Tika-Python on Windows: Tika server returns status 503
See original GitHub issueI am testing Tika-Python on my Windows 10 laptop, but I cannot get it to work. Using the following Python script (directly taken from this site, with ‘path/to/file’ naturally changed to a correct filepath):
"""Test Apache Tika."""
import tika
tika.initVM()
from tika import parser
parsed = parser.from_file('path/to/file')
print(parsed['metadata'])
print(parsed['content'])
I get the following:
$ python test-tika.py
2018-11-22 10:24:34,112 [MainThread ] [WARNI] Tika server returned status: 503
Traceback (most recent call last):
File "test-tika.py", line 7, in <module>
parsed = parser.from_file('C:\\Users\\Christophe.Grandsire\\Cases\\Data\\AI in FDP\\Raw Pilot data\\magnus C&C.pdf')
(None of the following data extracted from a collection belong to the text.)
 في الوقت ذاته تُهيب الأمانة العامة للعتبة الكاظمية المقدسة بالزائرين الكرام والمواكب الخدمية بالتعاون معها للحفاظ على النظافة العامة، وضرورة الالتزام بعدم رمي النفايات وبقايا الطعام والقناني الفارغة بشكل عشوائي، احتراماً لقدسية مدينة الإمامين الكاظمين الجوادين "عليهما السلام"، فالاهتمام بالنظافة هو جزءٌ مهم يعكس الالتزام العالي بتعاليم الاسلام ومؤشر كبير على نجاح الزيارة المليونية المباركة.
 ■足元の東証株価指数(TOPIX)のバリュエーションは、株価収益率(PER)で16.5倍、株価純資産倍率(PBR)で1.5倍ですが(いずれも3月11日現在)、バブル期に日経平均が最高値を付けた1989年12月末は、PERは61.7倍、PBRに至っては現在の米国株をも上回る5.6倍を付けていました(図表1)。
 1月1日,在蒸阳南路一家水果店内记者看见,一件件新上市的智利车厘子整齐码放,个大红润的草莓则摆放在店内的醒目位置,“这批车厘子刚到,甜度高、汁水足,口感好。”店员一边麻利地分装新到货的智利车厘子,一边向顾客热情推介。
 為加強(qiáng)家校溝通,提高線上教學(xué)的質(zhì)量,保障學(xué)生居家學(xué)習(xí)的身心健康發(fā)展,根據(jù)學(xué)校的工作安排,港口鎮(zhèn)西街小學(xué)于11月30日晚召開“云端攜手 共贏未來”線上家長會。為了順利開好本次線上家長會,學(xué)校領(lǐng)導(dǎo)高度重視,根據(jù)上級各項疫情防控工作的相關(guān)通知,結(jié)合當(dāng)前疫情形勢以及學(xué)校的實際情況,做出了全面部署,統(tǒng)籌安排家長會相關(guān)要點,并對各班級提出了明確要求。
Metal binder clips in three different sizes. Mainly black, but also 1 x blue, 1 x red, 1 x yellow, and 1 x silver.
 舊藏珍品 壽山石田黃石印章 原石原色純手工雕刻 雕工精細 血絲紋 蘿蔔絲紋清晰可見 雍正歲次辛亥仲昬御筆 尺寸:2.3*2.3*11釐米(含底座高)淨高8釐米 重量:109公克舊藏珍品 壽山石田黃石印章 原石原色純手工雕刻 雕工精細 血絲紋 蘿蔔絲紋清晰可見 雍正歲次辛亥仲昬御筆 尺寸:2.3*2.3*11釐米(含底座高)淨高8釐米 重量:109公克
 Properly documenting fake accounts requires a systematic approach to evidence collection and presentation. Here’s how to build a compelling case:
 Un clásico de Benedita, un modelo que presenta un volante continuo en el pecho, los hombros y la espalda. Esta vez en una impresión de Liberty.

File "C:\Users\Christophe.Grandsire\.virtualenvs\Tika-OOOIfOBP\lib\site-packages\tika\parser.py", line 40, in from_file
return _parse(jsonOutput)
File "C:\Users\Christophe.Grandsire\.virtualenvs\Tika-OOOIfOBP\lib\site-packages\tika\parser.py", line 77, in _parse
realJson = json.loads(jsonOutput[1])
File "c:\program files\python37\Lib\json\__init__.py", line 348, in loads
return _default_decoder.decode(s)
File "c:\program files\python37\Lib\json\decoder.py", line 337, in decode
obj, end = self.raw_decode(s, idx=_w(s, 0).end())
File "c:\program files\python37\Lib\json\decoder.py", line 355, in raw_decode
raise JSONDecodeError("Expecting value", s, err.value) from None
json.decoder.JSONDecodeError: Expecting value: line 1 column 1 (char 0)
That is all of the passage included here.